The refinement section with random forests gave me a ton of trouble, it would routinely crash my EMR notebook. This was by far the hardest part of the entire project for me and probably ate up over 6-8 hours of my time. In the end, the problem was that the 'Spark Job Progress' box would take too much memory and chrome would kill the tab. If you want to run the cells be sure to **CLEAR THE CELL OUTPUT WHILE IT IS RUNNING**.

Other than that, the hardest part of the project was probably feature engineering using spark. Everything takes quite a bit longer than with local datasets! Be prepared to wait.

## Conclusion

To sum it up, we found and engineered a useful set of features, tried a few different models, and ended up with a fairly well performing model with an f1-score of 0.79. A few alternatives were tried, event though we weren't going for the highest performance, more for a proof of concept. The random forest ended up being the highest performing model, which isn't too surprising compared to decision trees and logistic regression.

It's also important to consider the robustness of the model. We gain some insight into this from using a 3 Fold cross validator and looking at the average scores of the different models. We saw earlier that even with varied parameters each model had around the same score, which indicates that the model is pretty robust to deviations in the training data.

Also, the type of data that is entered into this model is unlikely to have large scale changes unless users actually change their behavior. Events data lends itself to features that are abstracted from the density and sequence of events, and small changes in the number of events are unlikely to cause big swings in any particular feature. We even saw that the most impactful features to distinguish churned from non-churned users was the number of songs they listened to in a given week.

This method has proven to be pretty effective, and can clearly distinguish between churned and non churned users when provided the entire timeframe of data. This could be useful in a production service to provide some sort of promotion or treatment to users that are identified as likely to churn.

I think both the hardest part and the most interesting part of this project was identifying and extracting features from the events data. It's much less intuitive than many projects we had in the class, so it provided a nice challenge. I would say my main goal for this project was to learn the basics of PySpark, and I think I accomplished that nicely. I have a few other interesting ideas that I didn't have time to investigate in this project.

## Improvements

In this project I found a lot of interesting similarites to the recommendation engines section of the nanodegree even though it wasn't implemented in the same way. A really interesting improvement to this project could be to approach the problem as a timerange problem rather than a random split problem - training on a few weeks of data and testing to see if you can predict the users who churn in the following few weeks. This would be a much more realistic way to apply the model to how we'd like to use it in the real world.

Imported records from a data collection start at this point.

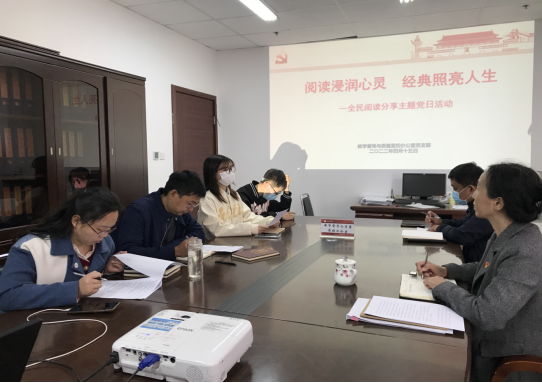 2022年4月15日上午十点,教学督导与质量监控办公室党支部组织全体人员及“红烛”导师结对子学生在图书馆南楼619办公室开展了“全民阅读”主题党日活动。活动由党支部书记赵荷花主持。
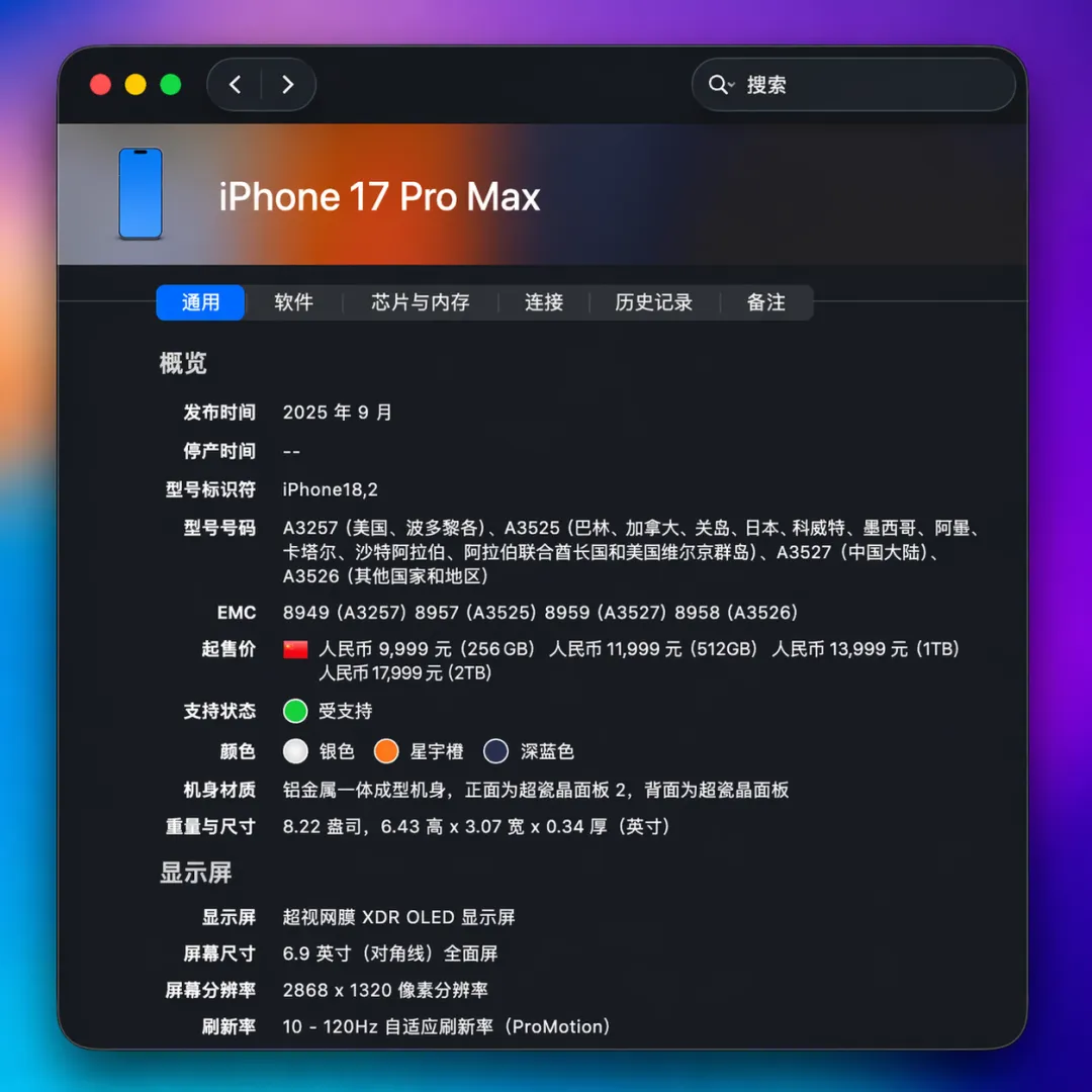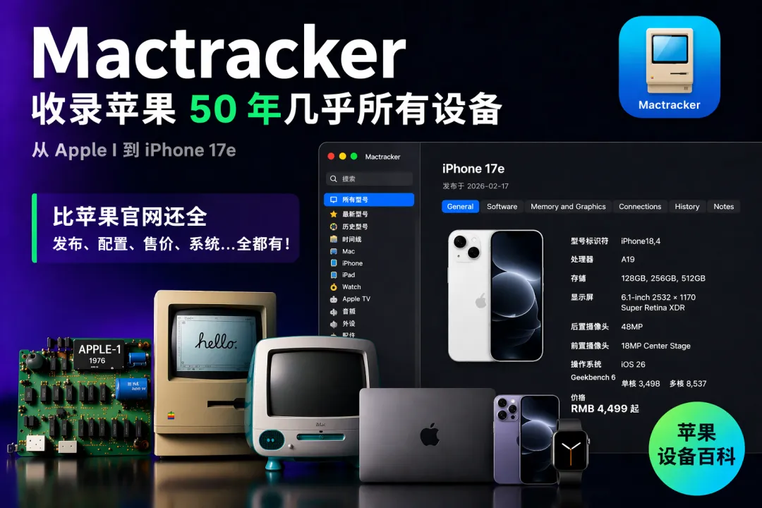 • Mactracker:苹果设备百科全书 • 时间线分类 • 外设 • 产品细节 • Geekbench 6 跑分 • 智能分类 • 记录我自己的设备 • 保存到 iCloud • 比较产品 • 总结 && 免费 • 获取 • 小彩蛋
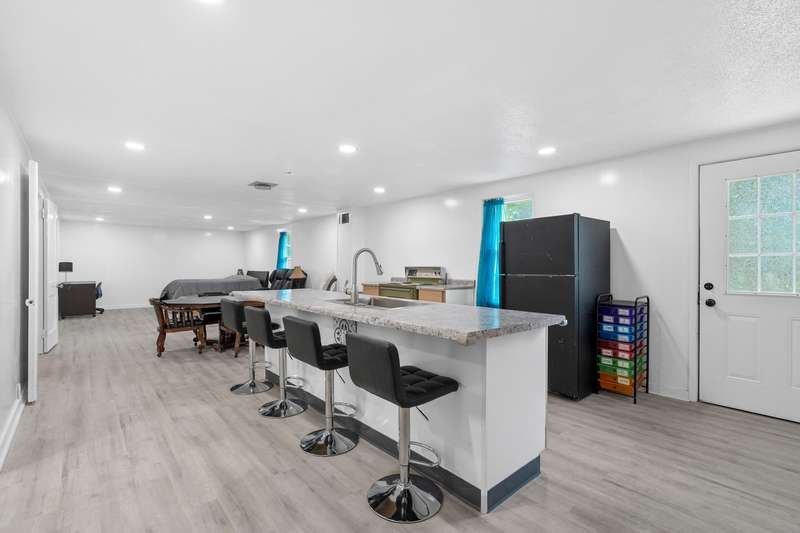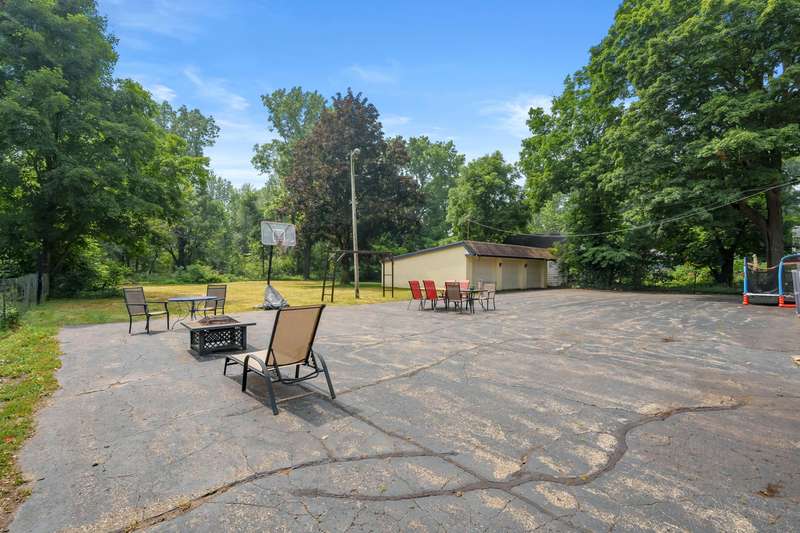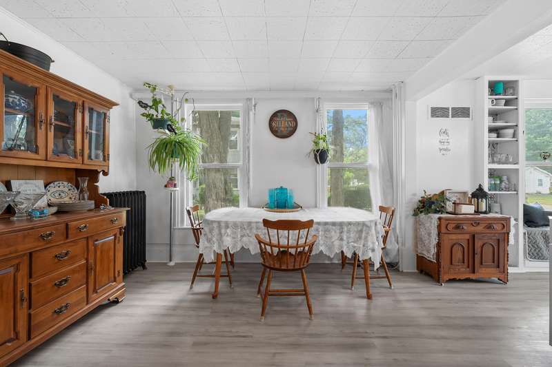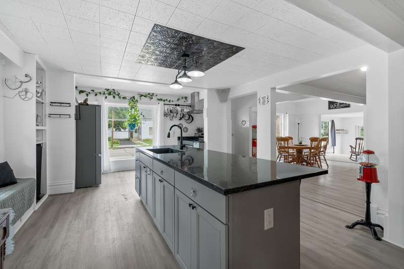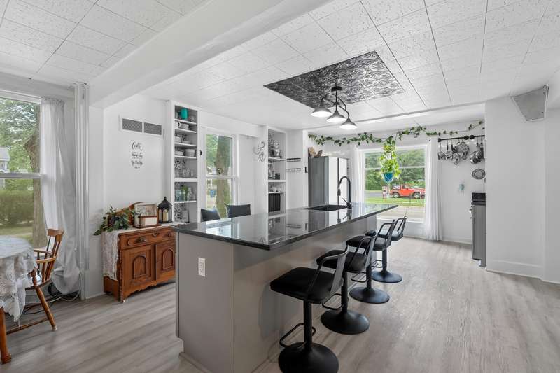 Welcome to the largest residential property within the city of Galesburg, offering over 5,400 sq ft of beautifully renovated living space on 3.46 acres of scenic riverfront. This historic home has been thoughtfully updated featuring all new flooring and brilliant white paint throughout. Major mechanical upgrades include a new electrical panel, and replacement of all galvanized steel plumbing lines. The expansive main level showcases a wide-open floor plan with a stunning kitchen featuring granite countertops and a 10-foot island that flows into the dining and spacious living areas, ideal for entertaining or everyday living. The home includes one full and two half baths on the main level, and a luxurious full bath upstairs with a deep soaking tub. Click supplement for more! A separate bonus living space with its own driveway and private entrance, a second full kitchen, a primary suite with a walk-in shower, and an additional half bath, making it perfect for a in-law suite, rental apartment, guest quarters, or multi-generational living. Zoned R-3 Residential, this versatile home has the potential to be converted into a 3-unit income property, with three kitchens already in place. Alternatively, take advantage of the layout to run a business on the lower level while living upstairs, the possibilities are endless. Other highlights include a large workshop/tool room, a spacious laundry area with stainless steel counters, durable cabinetry, and solid wood built-ins and closets throughout the home. Outside, enjoy a large fenced yard and over 3 acres of woods teeming with wildlife, including deer, rabbits, and a resident bald eagle. The property features direct river access for fishing, kayaking, or canoeing, and access to the Kal-Haven Trail for safe, scenic walking, running, or biking. Tall ceilings and airy spaces create a warm and inviting atmosphere that must be experienced in person. Don't miss the one-of-a-kind opportunity to own a multi-use, historic riverfront estate in the heart of Galesburg.

It does present a bunch of additional challenges and might require some custom algorithms/evaluators which makes it a more longer term project.

Another obvious extension would be to look for instances of `Submit Downgrade` instead of the cancellation events. This would be tracking users who are going to downgrade from paid to free. It would require a different set of features, likely more difficult ones since it would be required to separate different user periods by level. It also would benefit to a similar approach mentioned above, combining the two would be very interesting.

That about wraps my project, thanks for reading!